At first, Paul, who had fought Mobil for several rounds, was always on the losing side, but he was undaunted and waited for his chance. in 1934, US President Roosevelt wanted to review the most powerful family estates in the country, and as Mobil's largest shareholder - Rockefeller - had to confess all his shares, and in order to avoid the high in order to avoid high estate taxes, Rockefeller decided to sell a portion of his shares. Paul did not miss this opportunity and, through a friend, he was able to obtain Rockefeller's 10% share in Seaside.

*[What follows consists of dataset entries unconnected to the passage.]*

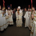 За Пасхальной заутреней Преосвященнейший Владыка прочитал Слово огласительное святителя Иоанна Златоуста на Святую Пасху, которое уже более полутора тысяч лет звучит в храмах.
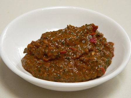 I turned the chillies into harissa sauce, using a recipe I put together years ago. It’s adapted from a recipe in Dave Dewitt’s A World of Curries, and is very simple to make, providing you have a food processor (I use a mini one). The quantities are pretty loose – use whatever you have on hand in amounts that suit your personal preferences.
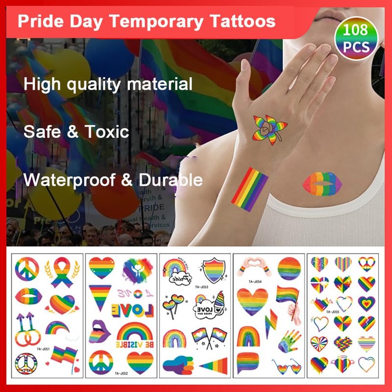 - 🏳️🌈【Package Content】You will get 10 sheets temporary waterproof tattoos for gay pride, 108 pieces in total.Sufficient quantity and various styles can add more fun to the pride parade and celebrations.
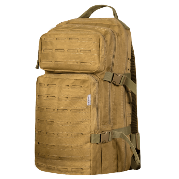 Тактичний рюкзак об'ємом 25 л. Рюкзак має ряд конструктивних особливостей, таких як стропи MOLLE, зроблених за технологією LC (laser cut), пулери на бігунках, D-кільця, а також додаткові лямки для фіксації об'єму (компресійні лямки).

This was just the beginning, and over the next 10 years or so Getty continued to expand his stake, and by the early 1950s all but one of the directors on the board of directors of Seaside Consolidated Oil Company were under Getty's shareholding, which meant that Getty was by then in full control of the company.
The move to the Middle East
At the end of the Second World War, Paul, who had made a fortune in the war, was almost 60 years old, but his ambition was undiminished. He had a keen sense that the future of oil development should be the Middle East, that it would be the future oil depot of the world, and that the Getty family's future depended on it. He wanted to develop oil in the Middle East and refine it in refineries in the USA. But at that time the Middle East was already controlled by seven major companies, including BP, Royal Dutch Shell and Mobil Oil, and it was difficult to break in.
No one would have thought that Getty would end up looking at a barren patch of land between Saudi Arabia and Kuwait, a vast desert that was part of a neutral zone shared by both countries. Getty's petroleum geologists flew in to observe the terrain from the air and concluded that there was oil buried underneath. After negotiations, Getty was awarded a 60-year oil concession, but he had to meet the rather harsh conditions imposed by Saudi Arabia and take great risks. Many in the US oil industry publicly pointed out that Getty was doomed to bankruptcy by doing so, believing that there was no chance of oil ever being produced there.
Getty, however, was confident and dared to do so because he believed that oil was cheap to extract in Saudi Arabia and, given the rising price of oil, he was certain that the land would be profitable in the long run.
Over the course of four years, Getty invested $40 million, but only produced a small amount of poor quality oil. This oil was difficult to refine and had little commercial value. The predictions of the oil industry seemed to have been borne out and even Getty himself was showing signs of restlessness - after all, he was not getting any younger.
However, after four years of constant frustration, success came unexpectedly, and on 10 February 1953, oil-bearing sands were discovered on this unpromising land, and then oil began to spill out. This discovery turned the Getty's fortunes around so completely that American magazine Happiness called it "great and historic". One by one, highly productive wells were drilled and within a month, Getty's stock soared from $23.75 to $47.75 and Getty's fortune began to grow exponentially again.
According to conservative estimates by petroleum geologists, the Getty's Neutral Zone fields held more than 13 trillion barrels of oil. In response, Getty built and purchased refineries all over the region, and from 1954 onwards began building his fleet of supertankers, and in Los Angeles and New York he built new office buildings worth over $40 million at an astonishing rate. by 1957, Getty's assets exceeded $1 billion. That year, when Destiny magazine listed the richest people in America, Getty topped the list.